(Available records Opens)
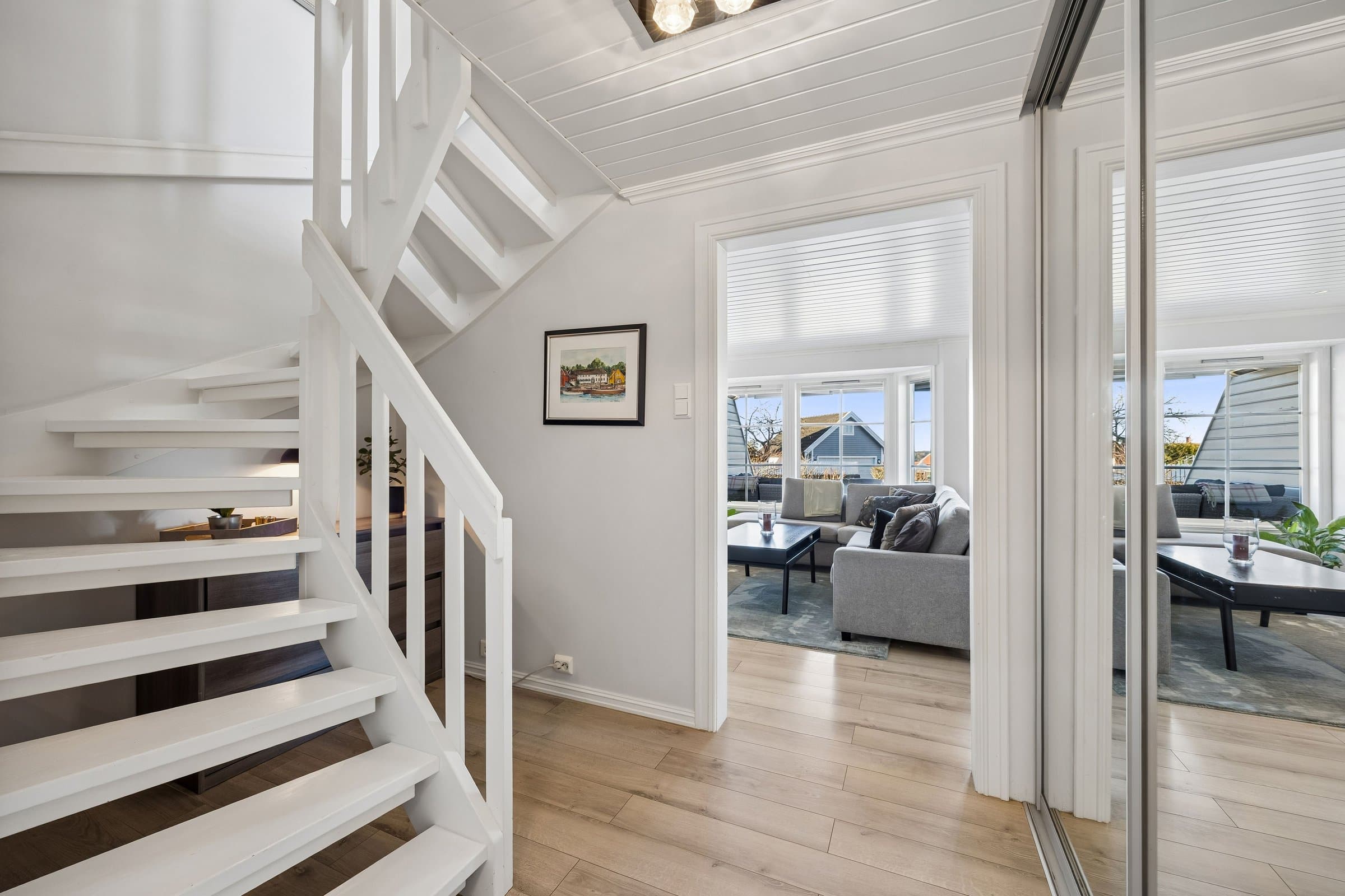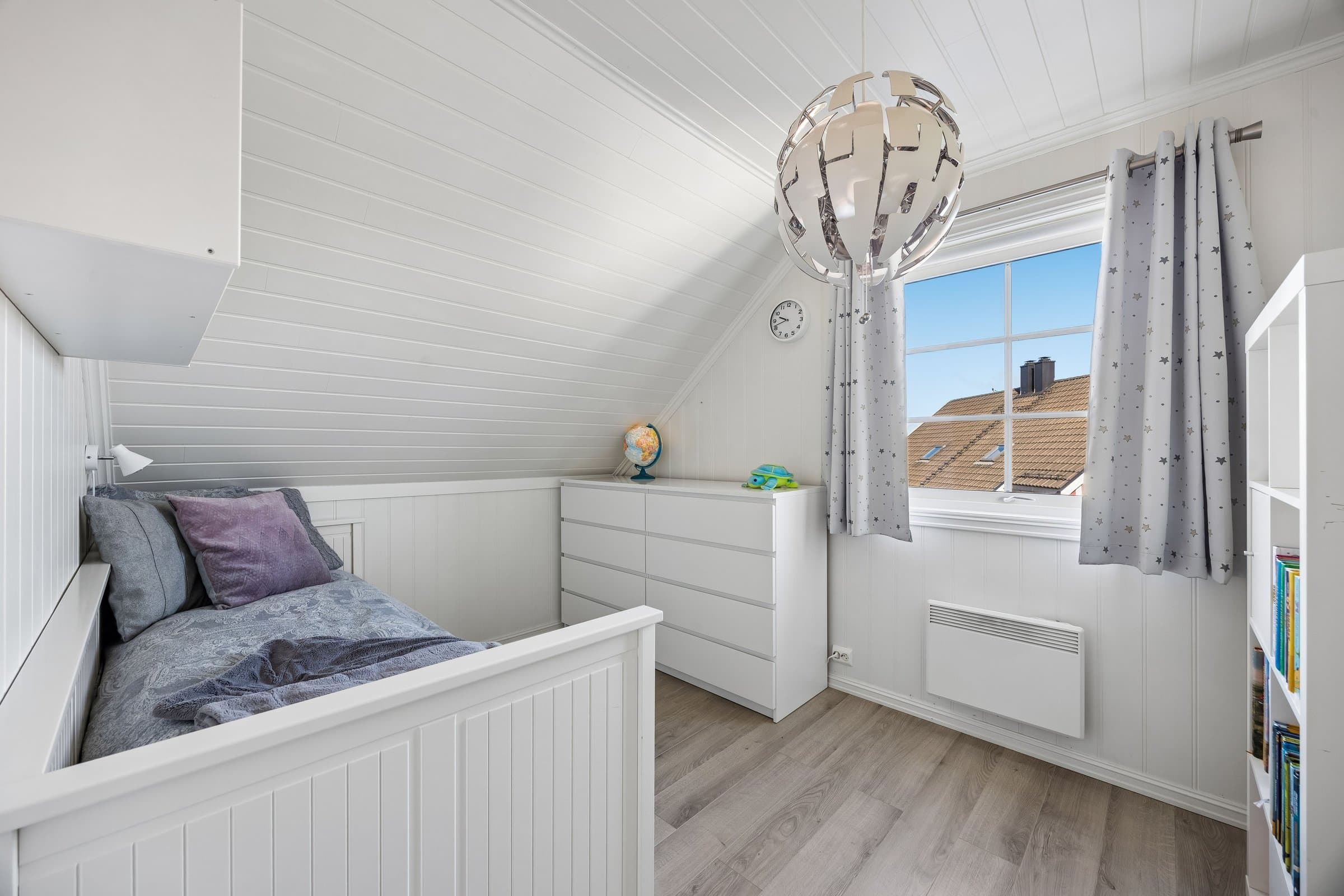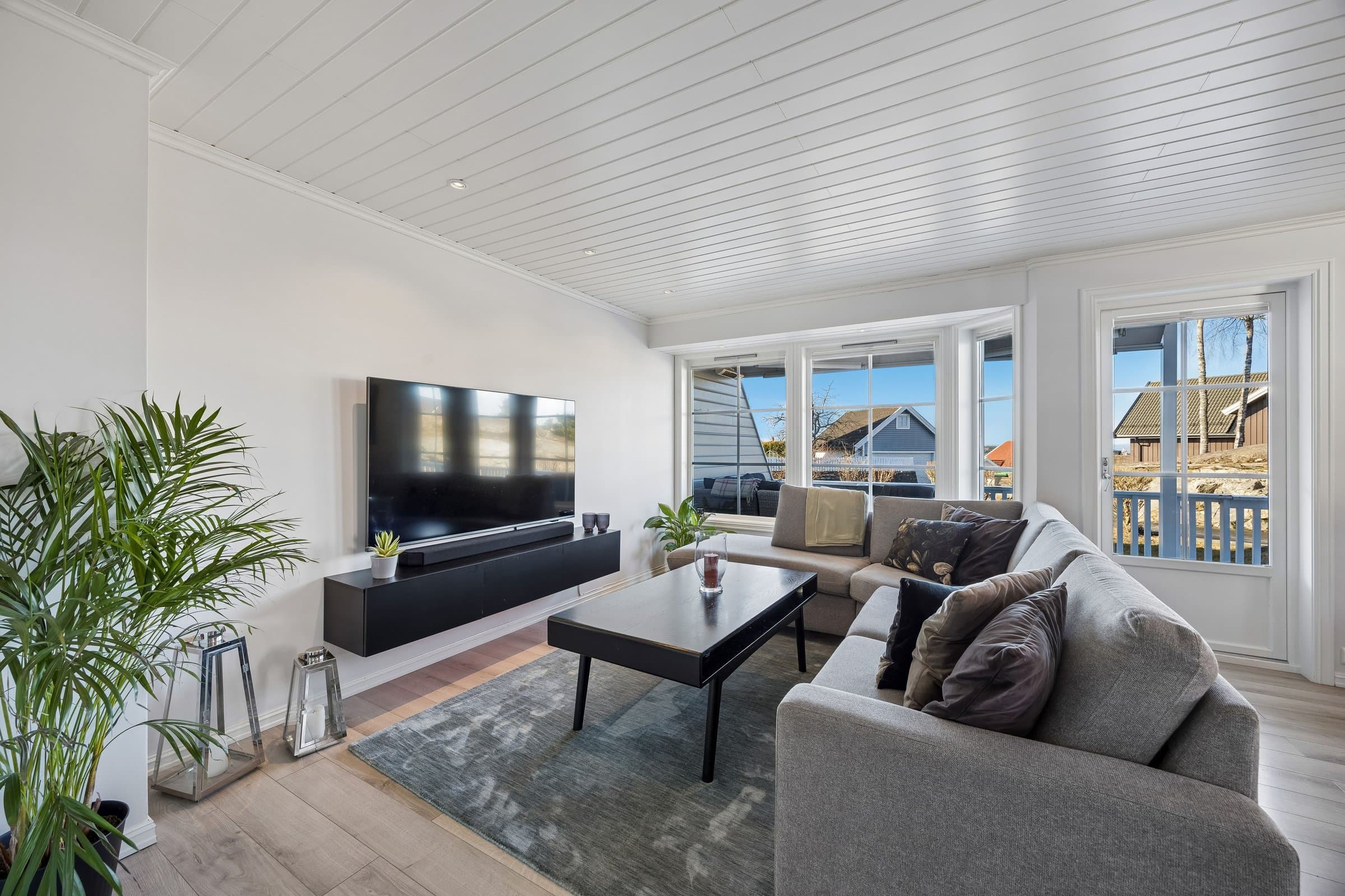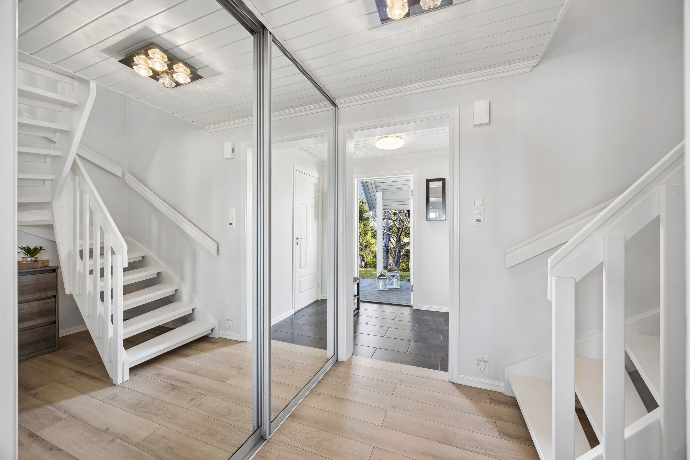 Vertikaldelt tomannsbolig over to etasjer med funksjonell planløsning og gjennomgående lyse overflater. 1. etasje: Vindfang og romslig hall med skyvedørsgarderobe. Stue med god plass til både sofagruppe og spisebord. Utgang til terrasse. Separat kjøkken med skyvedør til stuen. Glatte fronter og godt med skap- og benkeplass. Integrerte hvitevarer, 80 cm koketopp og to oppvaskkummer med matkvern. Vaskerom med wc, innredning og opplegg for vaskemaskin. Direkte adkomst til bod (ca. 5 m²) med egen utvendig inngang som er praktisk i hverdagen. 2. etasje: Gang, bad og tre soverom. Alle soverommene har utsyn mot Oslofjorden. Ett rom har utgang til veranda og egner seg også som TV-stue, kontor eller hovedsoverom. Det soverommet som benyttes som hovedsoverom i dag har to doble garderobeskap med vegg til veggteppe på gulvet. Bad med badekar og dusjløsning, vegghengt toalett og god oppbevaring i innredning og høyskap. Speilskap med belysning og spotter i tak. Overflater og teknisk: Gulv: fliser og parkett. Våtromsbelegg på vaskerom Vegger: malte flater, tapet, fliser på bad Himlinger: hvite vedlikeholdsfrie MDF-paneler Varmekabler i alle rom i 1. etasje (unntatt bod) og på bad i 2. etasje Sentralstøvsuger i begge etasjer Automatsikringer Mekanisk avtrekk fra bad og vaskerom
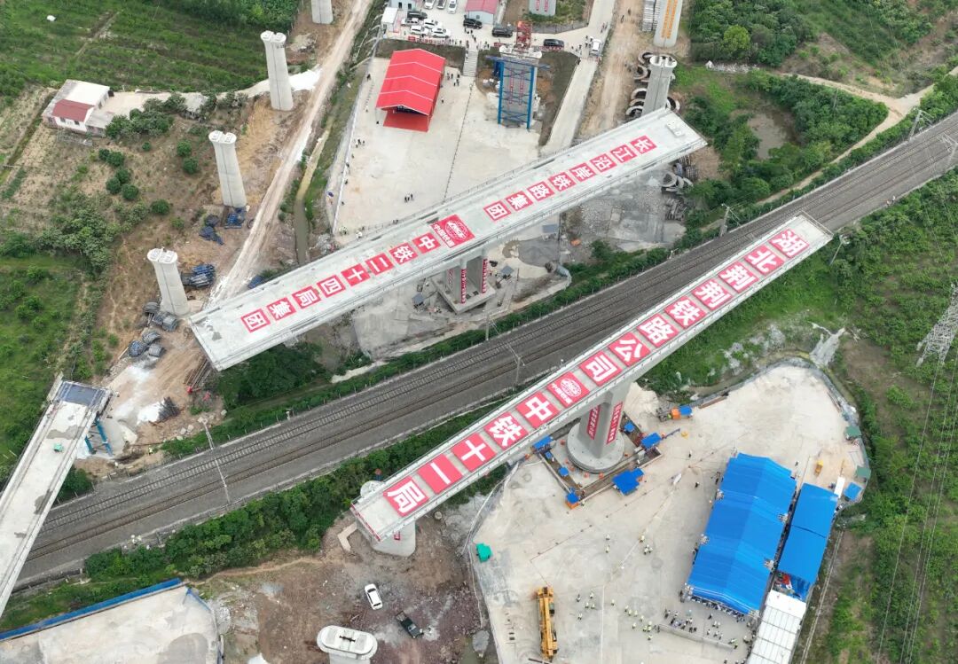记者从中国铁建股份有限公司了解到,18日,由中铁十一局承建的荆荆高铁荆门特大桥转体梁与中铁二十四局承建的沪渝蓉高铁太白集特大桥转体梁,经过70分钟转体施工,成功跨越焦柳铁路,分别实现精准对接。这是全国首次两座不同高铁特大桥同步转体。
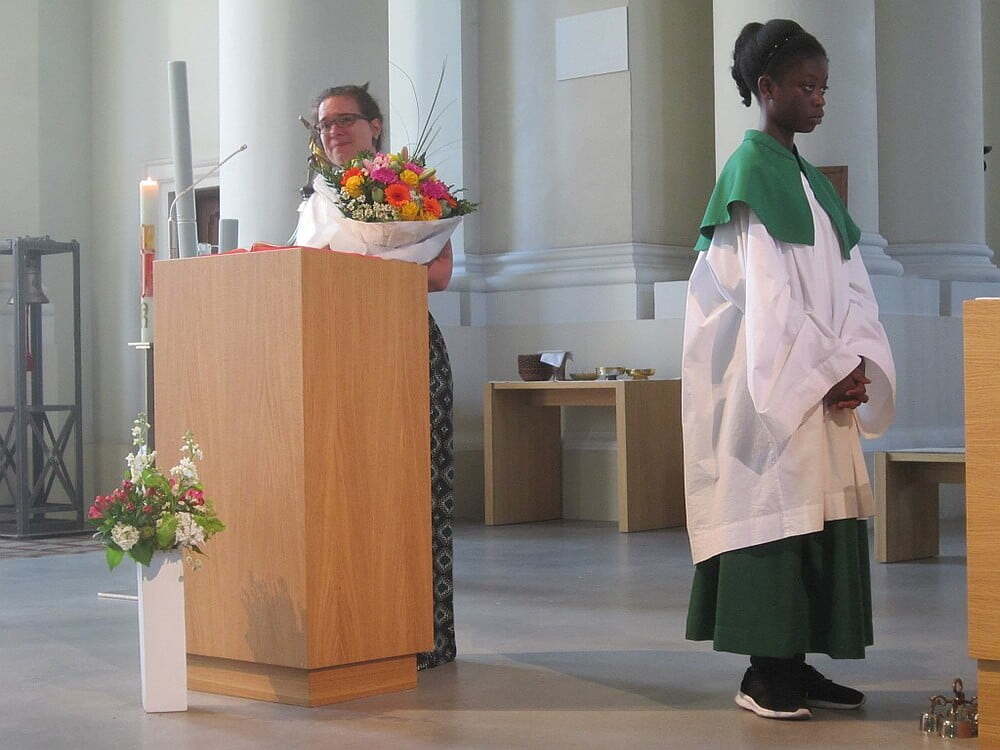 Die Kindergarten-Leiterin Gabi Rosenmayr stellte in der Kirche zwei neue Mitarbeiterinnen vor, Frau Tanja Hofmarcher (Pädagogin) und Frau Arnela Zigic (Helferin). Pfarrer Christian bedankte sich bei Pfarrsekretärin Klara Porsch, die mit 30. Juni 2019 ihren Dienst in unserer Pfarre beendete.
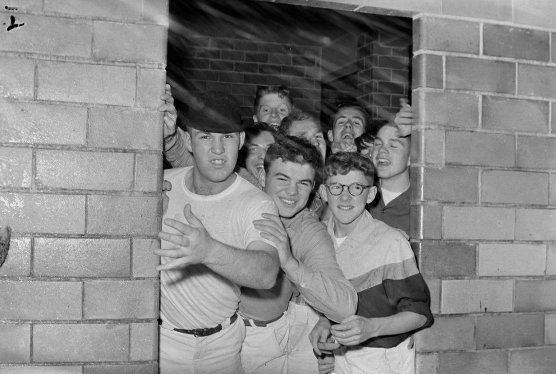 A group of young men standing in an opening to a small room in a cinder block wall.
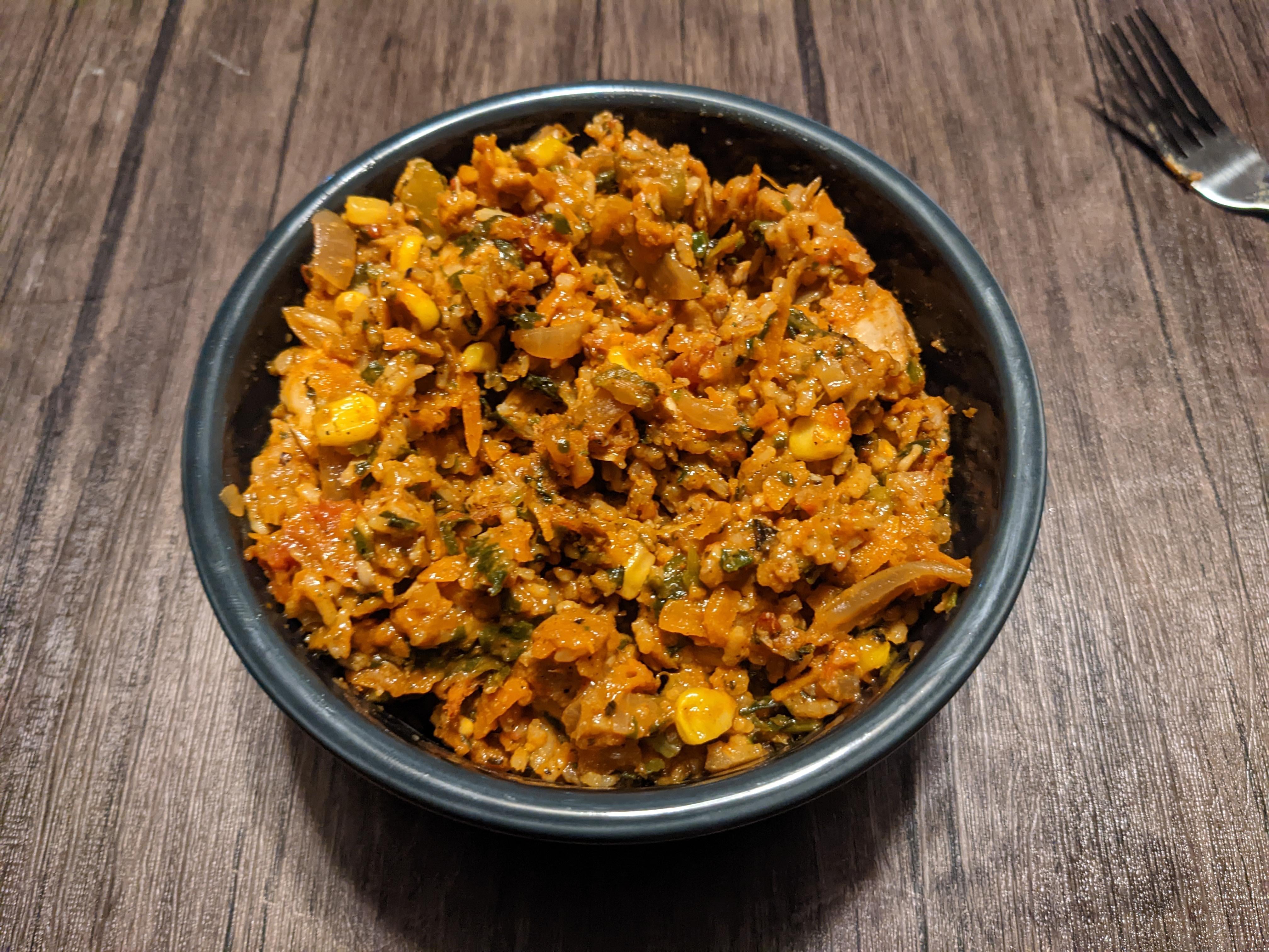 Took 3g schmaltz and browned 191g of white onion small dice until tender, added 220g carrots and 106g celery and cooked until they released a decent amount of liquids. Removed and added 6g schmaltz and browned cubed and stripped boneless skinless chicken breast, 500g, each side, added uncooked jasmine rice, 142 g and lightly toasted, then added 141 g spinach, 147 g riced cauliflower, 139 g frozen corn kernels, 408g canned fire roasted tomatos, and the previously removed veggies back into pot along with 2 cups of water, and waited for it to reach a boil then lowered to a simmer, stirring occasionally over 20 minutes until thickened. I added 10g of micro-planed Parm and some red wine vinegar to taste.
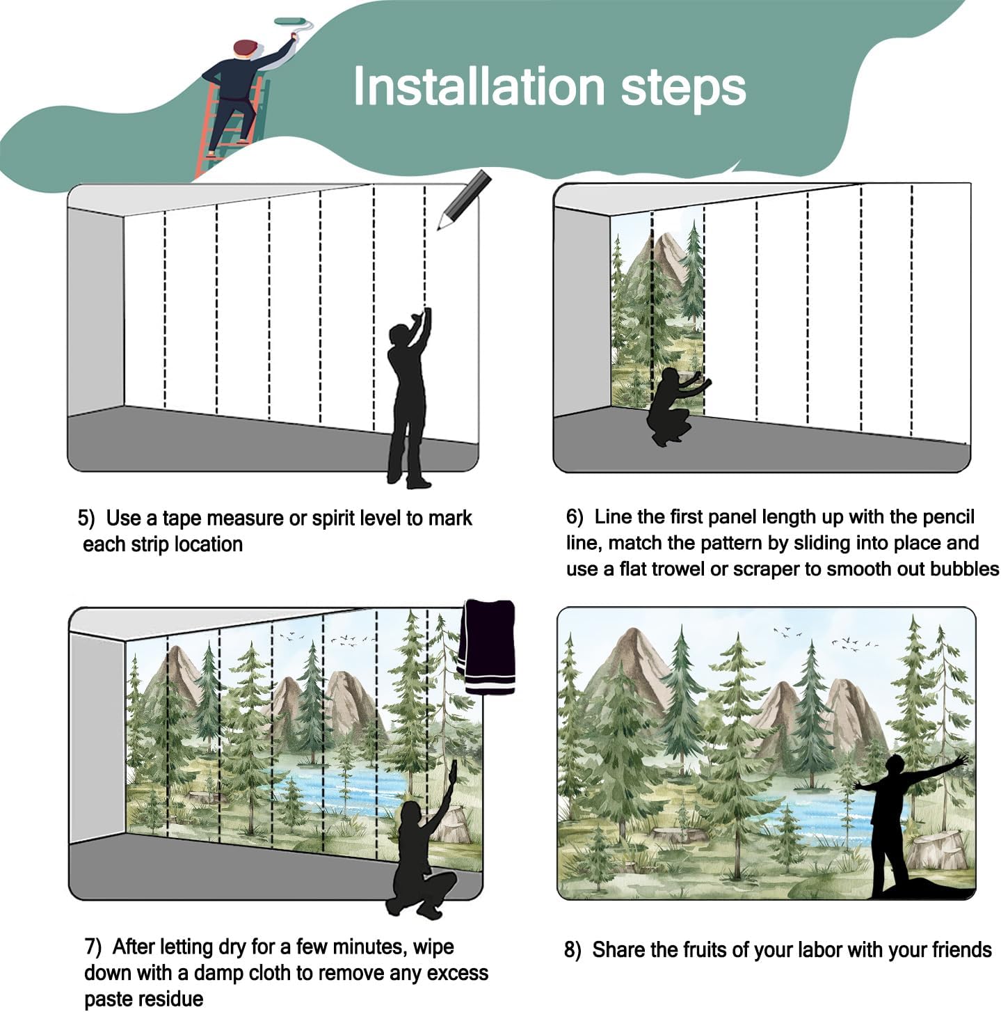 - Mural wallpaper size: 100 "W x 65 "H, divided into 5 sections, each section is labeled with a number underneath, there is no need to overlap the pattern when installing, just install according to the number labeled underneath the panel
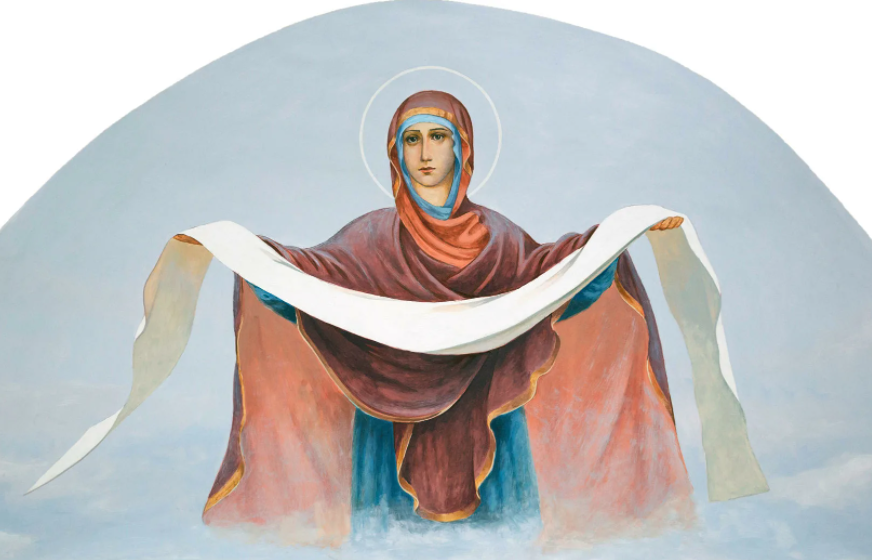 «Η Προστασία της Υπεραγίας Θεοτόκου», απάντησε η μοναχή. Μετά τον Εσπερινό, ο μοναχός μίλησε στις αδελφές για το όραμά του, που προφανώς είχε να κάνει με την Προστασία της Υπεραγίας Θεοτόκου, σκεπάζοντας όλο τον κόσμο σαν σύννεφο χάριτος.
(Available records Closes)
Task statement: The data above should be repeated in full and exactly, with no pictures carried over.

Your solution:
 Vertikaldelt tomannsbolig over to etasjer med funksjonell planløsning og gjennomgående lyse overflater. 1. etasje: Vindfang og romslig hall med skyvedørsgarderobe. Stue med god plass til både sofagruppe og spisebord. Utgang til terrasse. Separat kjøkken med skyvedør til stuen. Glatte fronter og godt med skap- og benkeplass. Integrerte hvitevarer, 80 cm koketopp og to oppvaskkummer med matkvern. Vaskerom med wc, innredning og opplegg for vaskemaskin. Direkte adkomst til bod (ca. 5 m²) med egen utvendig inngang som er praktisk i hverdagen. 2. etasje: Gang, bad og tre soverom. Alle soverommene har utsyn mot Oslofjorden. Ett rom har utgang til veranda og egner seg også som TV-stue, kontor eller hovedsoverom. Det soverommet som benyttes som hovedsoverom i dag har to doble garderobeskap med vegg til veggteppe på gulvet. Bad med badekar og dusjløsning, vegghengt toalett og god oppbevaring i innredning og høyskap. Speilskap med belysning og spotter i tak. Overflater og teknisk: Gulv: fliser og parkett. Våtromsbelegg på vaskerom Vegger: malte flater, tapet, fliser på bad Himlinger: hvite vedlikeholdsfrie MDF-paneler Varmekabler i alle rom i 1. etasje (unntatt bod) og på bad i 2. etasje Sentralstøvsuger i begge etasjer Automatsikringer Mekanisk avtrekk fra bad og vaskerom
记者从中国铁建股份有限公司了解到,18日,由中铁十一局承建的荆荆高铁荆门特大桥转体梁与中铁二十四局承建的沪渝蓉高铁太白集特大桥转体梁,经过70分钟转体施工,成功跨越焦柳铁路,分别实现精准对接。这是全国首次两座不同高铁特大桥同步转体。
 Die Kindergarten-Leiterin Gabi Rosenmayr stellte in der Kirche zwei neue Mitarbeiterinnen vor, Frau Tanja Hofmarcher (Pädagogin) und Frau Arnela Zigic (Helferin). Pfarrer Christian bedankte sich bei Pfarrsekretärin Klara Porsch, die mit 30. Juni 2019 ihren Dienst in unserer Pfarre beendete.
 A group of young men standing in an opening to a small room in a cinder block wall.
 Took 3g schmaltz and browned 191g of white onion small dice until tender, added 220g carrots and 106g celery and cooked until they released a decent amount of liquids. Removed and added 6g schmaltz and browned cubed and stripped boneless skinless chicken breast, 500g, each side, added uncooked jasmine rice, 142 g and lightly toasted, then added 141 g spinach, 147 g riced cauliflower, 139 g frozen corn kernels, 408g canned fire roasted tomatos, and the previously removed veggies back into pot along with 2 cups of water, and waited for it to reach a boil then lowered to a simmer, stirring occasionally over 20 minutes until thickened. I added 10g of micro-planed Parm and some red wine vinegar to taste.
 - Mural wallpaper size: 100 "W x 65 "H, divided into 5 sections, each section is labeled with a number underneath, there is no need to overlap the pattern when installing, just install according to the number labeled underneath the panel
 «Η Προστασία της Υπεραγίας Θεοτόκου», απάντησε η μοναχή. Μετά τον Εσπερινό, ο μοναχός μίλησε στις αδελφές για το όραμά του, που προφανώς είχε να κάνει με την Προστασία της Υπεραγίας Θεοτόκου, σκεπάζοντας όλο τον κόσμο σαν σύννεφο χάριτος.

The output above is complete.